## SOURCE DATA
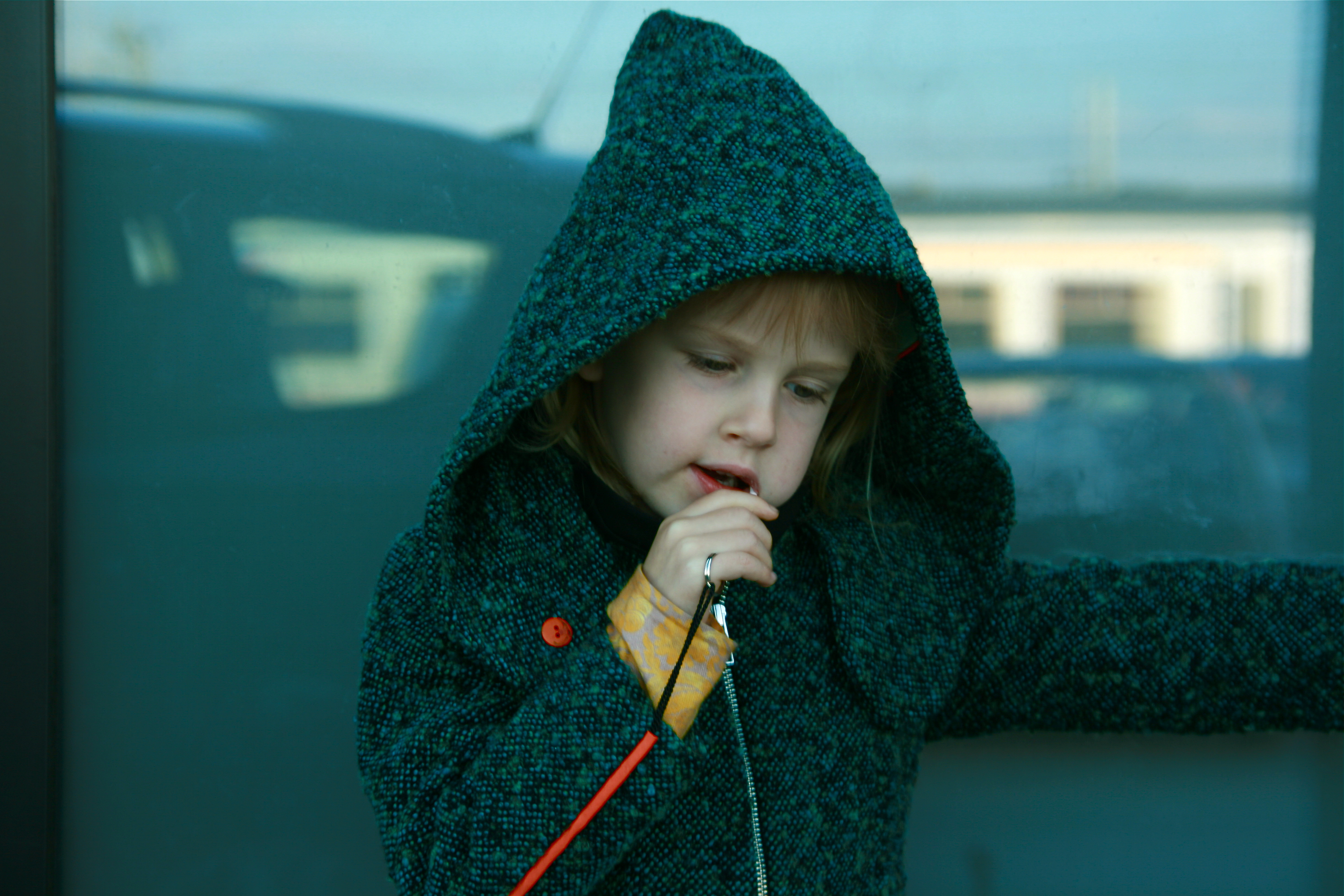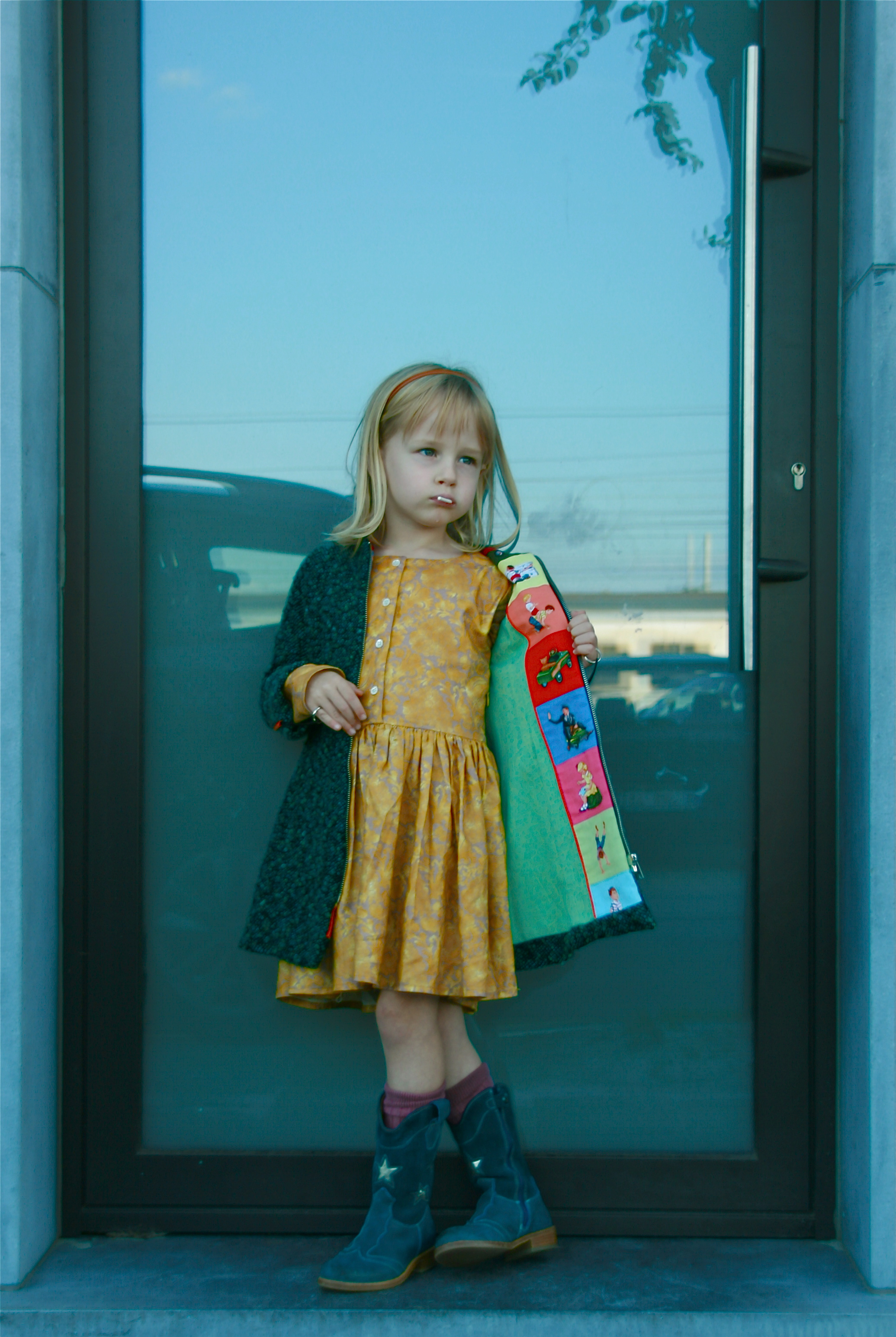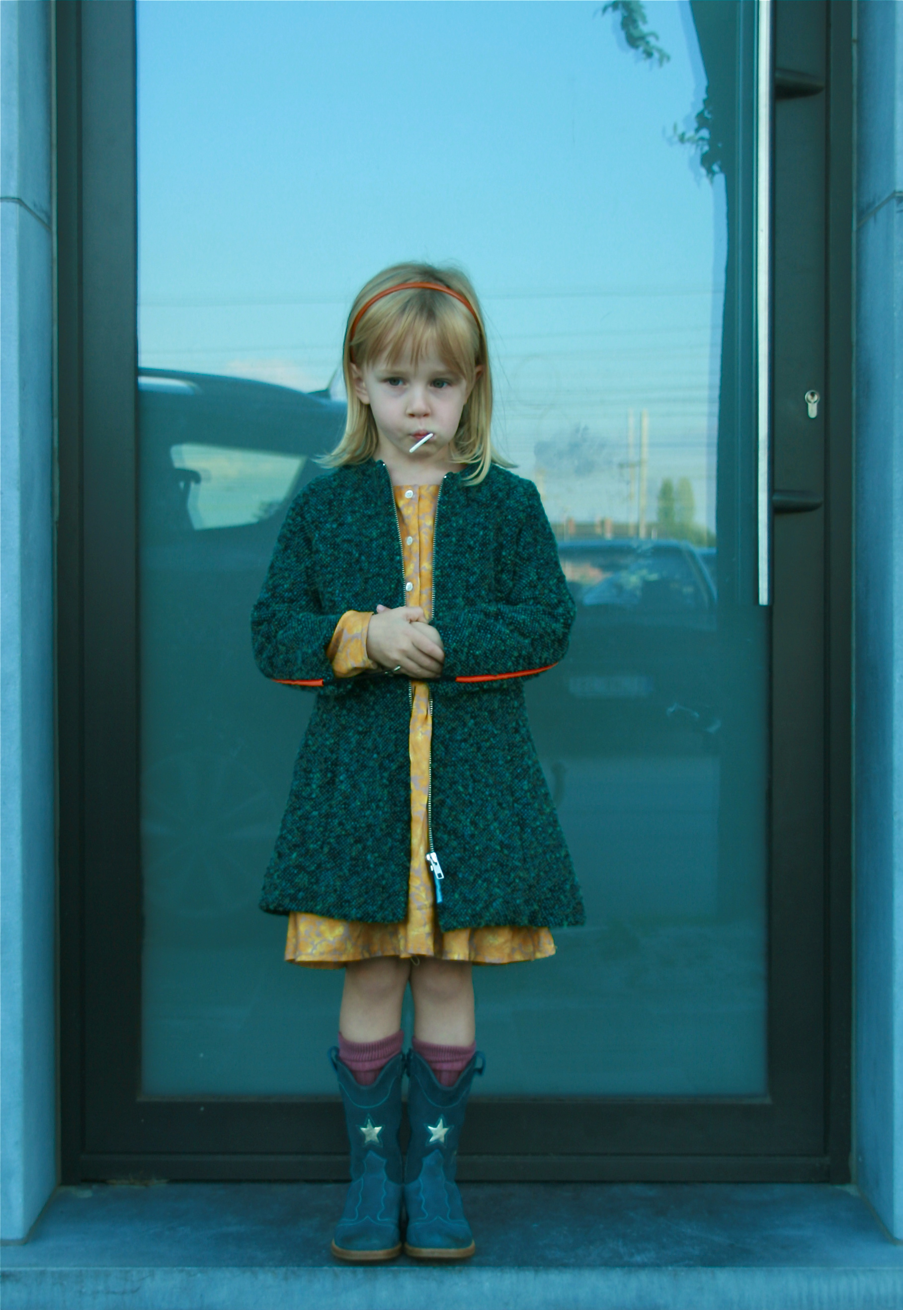Ik merkte op dat hij eerder breed viel en de mouwen aan de korte kant waren, dus in de definitieve jas werden de mouwen 2cm langer gemaakt en de boordstof ook 2 cm. Aan de breedte werd niet gesleuteld, want in tegenstelling tot de -lichte- testjas, is de uiteindelijke versie een voor putje winter: de buitenstof is heel stevige, waterdicht gemaakte sweaterstof, de voeringstof is crème-kleurige fleece (100% katoen) en daartussen propte ik nog 2 lagen wattine. Koud zal ze niet hebben, vermoed ik. Voor de kraag gebruikte ik een stukje nepbont. Eerlijk is eerlijk, hier haalde ik de mosterd -ik vind dit nog steeds een van de mooiste jassen die ik ooit gezien heb- en ik wou al lang deze ook eens maken.
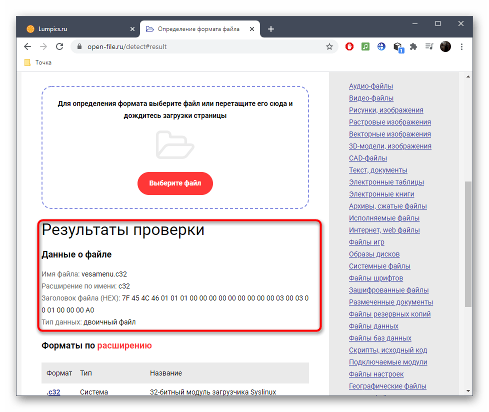 Сразу же можно ознакомиться с результатами проверки. В отдельных строках вы узнаете полное имя файла, его расширение, заголовок типа HEX, а также тип данных. Этой информации должно быть вполне достаточно для того, чтобы определить, к чему относится этот элемент.
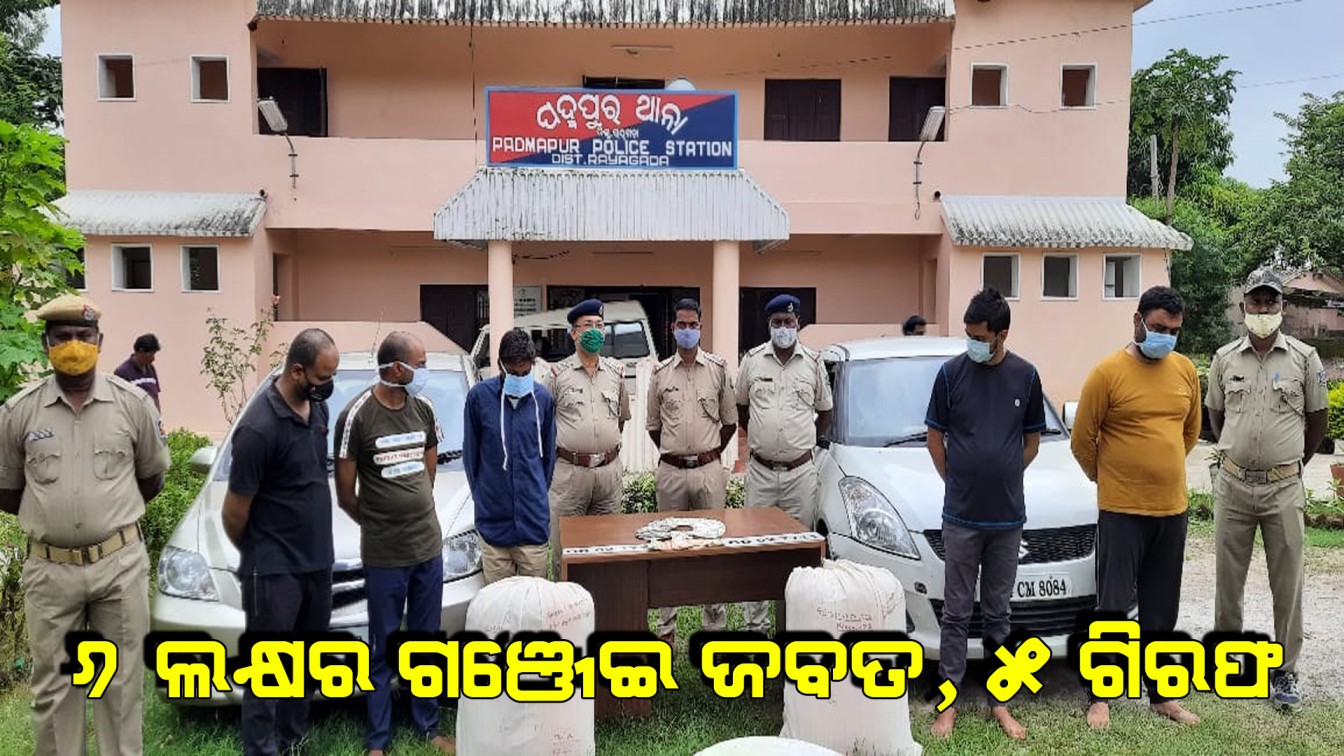 ପଦ୍ମପୁର: ପଦ୍ମପୁର ପୁଲିସ ପକ୍ଷରୁ ଆଜି ୬୦କେଜି ଗଞ୍ଜେଇ ଜବତ କରାଯିବା ସହ ଏହି କାରବାରରେ ସମ୍ପୃକ୍ତ ୫ଜଣଙ୍କୁ ଗିରଫ କରାଯାଇଛି । ଗିରଫମାନେ ହେଲେ ଉତ୍ତରପ୍ରଦେଶର ଆର୍.କୁମାର, କୁମାର ଶର୍ମା, ଅମିତକୁମାର, ଆଦିତ୍ୟ କୁମାର ଓ ରାହୁଲ କୁମାର । ସେମାନଙ୍କ ନିକଟରୁ ଦୁଇଟି କାର ସହ ନଗଦ ୯୧ ହଜାର ୮୫ଟଙ୍କା ଜବତ କରାଯାଇଥିବା ପୁଲିସ କହିଛି । ଜବତ ଗଞ୍ଜେଇର ଆନୁମାନିକ ମୂଲ୍ୟ ୬ଲକ୍ଷ ହେବ ବୋଲି ଆକଳନ କରାଯାଇଛି । ଶୁକ୍ରବାର ପାଟ୍ରେଲିଂ ସମୟରେ କେନ୍ଦୁଗୁଡା ଫାଣ୍ଡି ନିକଟରୁ ଦୁଇଟି କାରକୁ ସନେ୍ଦହ କରି ପୁଲିସ ଯାଞ୍ଚ କରିଥିଲା । ଗାଡିରେ ୬୦କେଜି ଗଞ୍ଜେଇ ଥିବା ଜଣାପଡିଥିଲା । ଅଭିଯୁକ୍ତମାନେ କେନ୍ଦୁଗୁଡାରୁ ଉତ୍ତରପ୍ରଦେଶକୁ ଗଞ୍ଜେଇ ନେଉଥିବା ଜେରା ବେଳେ ସ୍ୱୀକାର କରିଥିବା ଥାନା ଅଧିକାରୀ ବିଶ୍ୱରଞ୍ଜନ ଦାଶ କହିଛନ୍ତି । ଆଜି ଅଭିଯୁକ୍ତମାନଙ୍କୁ କୋର୍ଟ ଚାଲାଣ କରାଯାଇଛି ।

## WORK TASK
Output all lines above precisely. Pictures are to be left out.

## WRITTEN REPLY
Ik merkte op dat hij eerder breed viel en de mouwen aan de korte kant waren, dus in de definitieve jas werden de mouwen 2cm langer gemaakt en de boordstof ook 2 cm. Aan de breedte werd niet gesleuteld, want in tegenstelling tot de -lichte- testjas, is de uiteindelijke versie een voor putje winter: de buitenstof is heel stevige, waterdicht gemaakte sweaterstof, de voeringstof is crème-kleurige fleece (100% katoen) en daartussen propte ik nog 2 lagen wattine. Koud zal ze niet hebben, vermoed ik. Voor de kraag gebruikte ik een stukje nepbont. Eerlijk is eerlijk, hier haalde ik de mosterd -ik vind dit nog steeds een van de mooiste jassen die ik ooit gezien heb- en ik wou al lang deze ook eens maken.
 Сразу же можно ознакомиться с результатами проверки. В отдельных строках вы узнаете полное имя файла, его расширение, заголовок типа HEX, а также тип данных. Этой информации должно быть вполне достаточно для того, чтобы определить, к чему относится этот элемент.
 ପଦ୍ମପୁର: ପଦ୍ମପୁର ପୁଲିସ ପକ୍ଷରୁ ଆଜି ୬୦କେଜି ଗଞ୍ଜେଇ ଜବତ କରାଯିବା ସହ ଏହି କାରବାରରେ ସମ୍ପୃକ୍ତ ୫ଜଣଙ୍କୁ ଗିରଫ କରାଯାଇଛି । ଗିରଫମାନେ ହେଲେ ଉତ୍ତରପ୍ରଦେଶର ଆର୍.କୁମାର, କୁମାର ଶର୍ମା, ଅମିତକୁମାର, ଆଦିତ୍ୟ କୁମାର ଓ ରାହୁଲ କୁମାର । ସେମାନଙ୍କ ନିକଟରୁ ଦୁଇଟି କାର ସହ ନଗଦ ୯୧ ହଜାର ୮୫ଟଙ୍କା ଜବତ କରାଯାଇଥିବା ପୁଲିସ କହିଛି । ଜବତ ଗଞ୍ଜେଇର ଆନୁମାନିକ ମୂଲ୍ୟ ୬ଲକ୍ଷ ହେବ ବୋଲି ଆକଳନ କରାଯାଇଛି । ଶୁକ୍ରବାର ପାଟ୍ରେଲିଂ ସମୟରେ କେନ୍ଦୁଗୁଡା ଫାଣ୍ଡି ନିକଟରୁ ଦୁଇଟି କାରକୁ ସନେ୍ଦହ କରି ପୁଲିସ ଯାଞ୍ଚ କରିଥିଲା । ଗାଡିରେ ୬୦କେଜି ଗଞ୍ଜେଇ ଥିବା ଜଣାପଡିଥିଲା । ଅଭିଯୁକ୍ତମାନେ କେନ୍ଦୁଗୁଡାରୁ ଉତ୍ତରପ୍ରଦେଶକୁ ଗଞ୍ଜେଇ ନେଉଥିବା ଜେରା ବେଳେ ସ୍ୱୀକାର କରିଥିବା ଥାନା ଅଧିକାରୀ ବିଶ୍ୱରଞ୍ଜନ ଦାଶ କହିଛନ୍ତି । ଆଜି ଅଭିଯୁକ୍ତମାନଙ୍କୁ କୋର୍ଟ ଚାଲାଣ କରାଯାଇଛି ।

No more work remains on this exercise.